Ian Martin has lunch with Bauhau and his companion Darcy Farquear’say
MONDAY. Hugely cheered by a survey revealing that 98 per cent of people have ‘absolutely no idea’ what an ‘urban hub envisioner’ is.
Excellent. The mystery of my craft is essential not just for the lofty professional articulation of ‘austerity metanomics’ but more importantly for the setting of a proper fee scale.
TUESDAY. As sure as night follows day, some depressing news. Certain spiteful local politicians have leaked a confidential report highly critical of the Tamworth Bolus.
Breadheads, dullards and opportunists, the lot of them. It took me years to design the Bolus, a unique plasmic icon of progressive municipalism. It has been under construction since 2002. nobody can claim anything’s been rushed.
Yes, the budget has been overshot by £15 million. That alone should be testament to how much thought has gone into it. Just my bad luck that the Tamworth Bolus is an excuse for fashionable negativity. People see something noble and life-affirming and decide it’s cleverer to say ‘commercially and operationally flawed’. Vague talk of ‘issues’ with fire regulations and so on has marred what should have been a celebratory period, leading up to the (fingers crossed) official opening of the Bolus in due course.
It’s an ill wind, every cloud etc. While the building itself is becoming a reality, the local authority will now at least have a bit more time to determine what the 2,000 staff destined to work in the Bolus might actually be doing in two years.
WEDNESDAY. In the morning, design a building embodying the virtues of quiet understatement. In the afternoon, arrange to have it aggressively marketed.
THURSDAY. Lunch with Bauhau, the architectural critic and dachshund. He’s looking very smart in his bow-tie collar and skinny-fit red corduroy trouser suit. Also in attendance: Bauhau’s companion Darcy Farquear’say, former epic space correspondent for the Creative on Sunday. Darcy was once notionally in charge of this relationship. Then ‘Bauhau’ landed a gig as Darcy’s replacement and things got a bit strained.
It hasn’t helped that the column ghosted by Darcy - ‘Ground Zero, a canine look at new design’ - is more popular than Darcy’s elegant witterings ever were. ‘Hey Bauhau’ he says, sucking another large scotch through his ragged beard, ‘What do you think of the shard?’
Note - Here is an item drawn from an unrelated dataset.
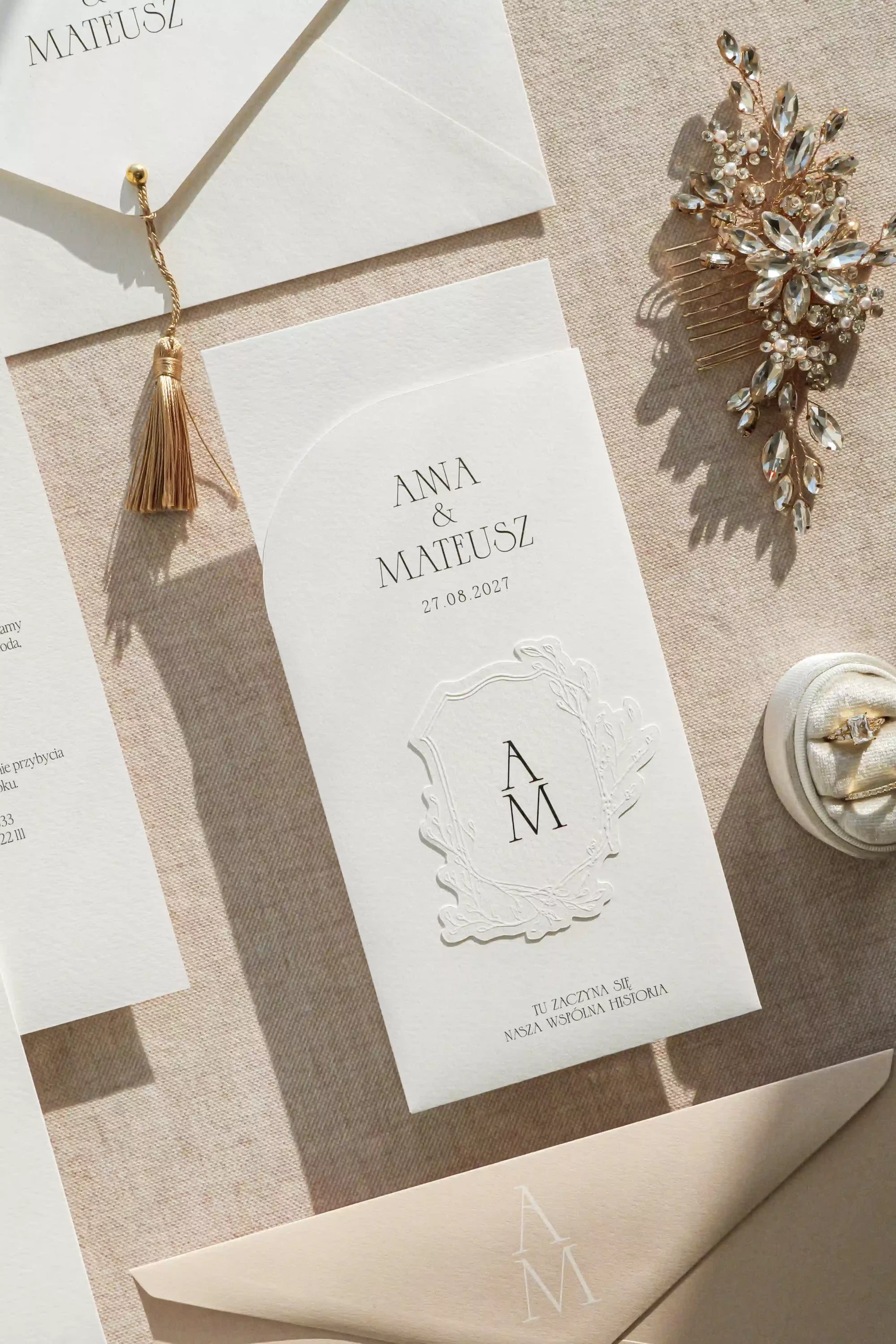Jedno- lub dwukartowe zaproszenie z treścią drukowaną na fakturowanym papierze o gramaturze 250 g/m2 na kartach umieszczonych w ozdobnym folderze z tłoczonym herbem z inicjałami pary młodej.

Bauhau senses a cue and gives a little whimper, pleading for all this to make sense. Darcy does a ‘sad’ face. ‘He says the shard looks vewy, vewy tall to a ickle doggy. and he wonders if it’s in the wight place, or is the wight shape, or has any welevance to ickle doggies and their fucking so-called FRIENDS AT ALL!’
As management closes in to ask Darcy to keep the noise down, he slips helplessly to the floor, getting a dog’s-eye view of the world. Not for the first time, I reflect upon the capricious world of architectural criticism.
FRIDAY. Great work by my mate Dusty Penhaligon the conservactionist. He’s converted a neo-hippy mixed workplace for ruthless entrepreneurs back into a tea warehouse.
SATURDAY. Five-a-zeitgeist theoretical football. Actual Building 0, Signage Indicating Lifestyle Recalibration 1 after extra time for mortgage application.
SUNDAY. Newspaper review in the recliner. Bauhau’s Ground Zero column is veering dangerously close to some kind of existential implosion.
Described as ‘The Creative on Sunday’s resident cultural data sausage’, Bauhau now seems intent on biting the hand that feeds him. Reviewing a bike stand outside a laptopping club in soho, he says it’s ‘wilfully complex and flattering, as if affirming the cyclist’s mythic power and defying the ocean of doubt lapping at the edges of our self-consciousness…’
Elsewhere he describes the accidentally discovered industrial undercroft of a major museum as ‘healing space, a butch counterpoint to the cluttered drivel and meaningless throng of the galleries above’. It’s as if every aspect of the inhabited built environment disgusts him.
I half-expect Bauhau to be dropped as architecture critic any week now. On the other hand, I half-expect him to become a celebrity novelist.